Jenna Wortham explains the power of Apple’s mobile app platform in a long article in the NYT.
Apple has the opportunity to do in mobile what Microsoft did on the
desktop: Own the standard platform upon which every popular application
is based. The irony of this cannot be lost on Microsoft, which has
utterly flubbed its own opportunity to do the same.
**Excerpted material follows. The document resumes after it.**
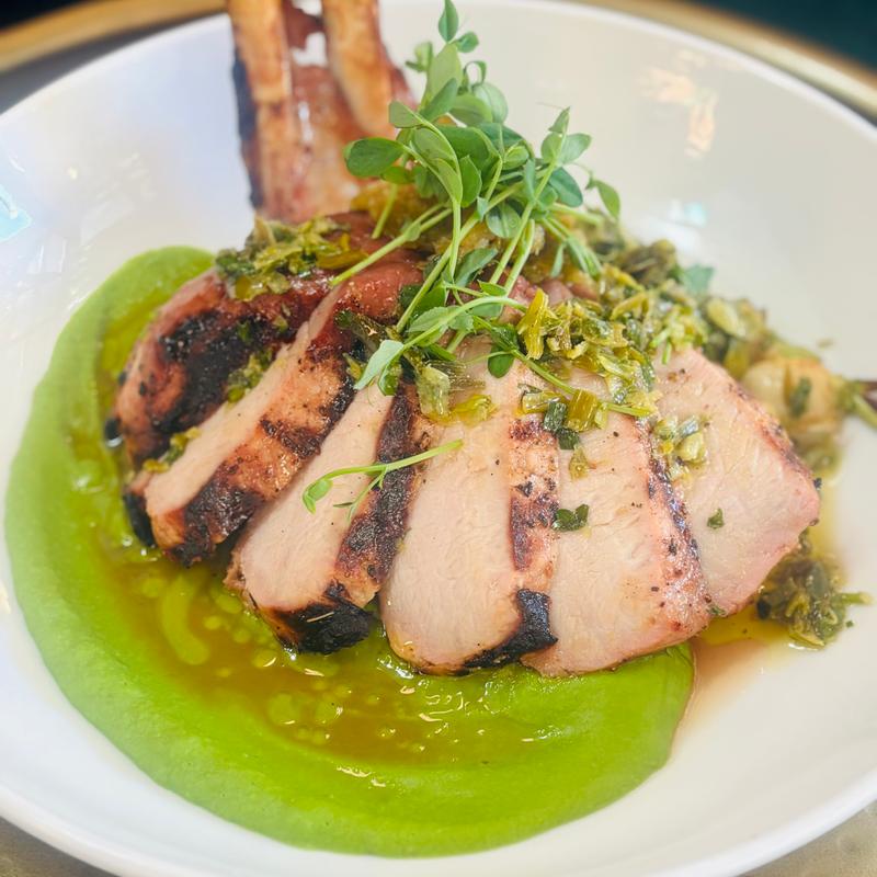 sixteen ounce tomahawk, duroc chop, english pea purée, roasted radish and turnip, onion jam, charred spring onion pistou

Google’s Android could mount a strong charge here, but otherwise it’s Apple’s game to lose.
Jenna Wortham:
IAN LYNCH SMITH, a shaggy-haired ball of
energy in his late 30s, beams as he ticks off some of the games that
Freeverse, his little Brooklyn software company, has landed on the iPhone
App Store’s coveted (and ever-changing) list of best-selling downloads:
Moto Chaser, Flick Fishing, Flick Bowling and Skee-ball.
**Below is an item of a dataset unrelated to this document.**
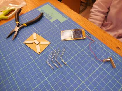 工房学習では,ソーラーパネルで動くおもちゃを作りました。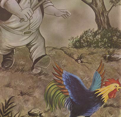 Сын хозяина с ножом в руках подошел к отцу, положил куриц на землю и перерезал каждой горло. При виде смерти своей жены петух сошел с ума и, не совладав с собой, начал громко кричать и биться о клетку. Остальные курицы и их птенцы также начали кричать, и все кругом заполнилось шумом и гамом. Хозяин разозлился и кинул в сторону клетки камень и сказал: «Если не замолчите, я всем прямо сейчас отрежу головы!»

Skee-ball, Mr. Smith says, took about
two months to develop and deploy and then raked in $181,000 for
Freeverse in one month. The company’s latest bid for App Store fame? A
game featuring a Jane Austen character in a lacy dress who karate-chops her way through hordes of advancing zombies.
“There’s never been anything like this
experience for mobile software,” Mr. Smith says of the App Store boom.
“This is the future of digital distribution for everything: software,
games, entertainment, all kinds of content.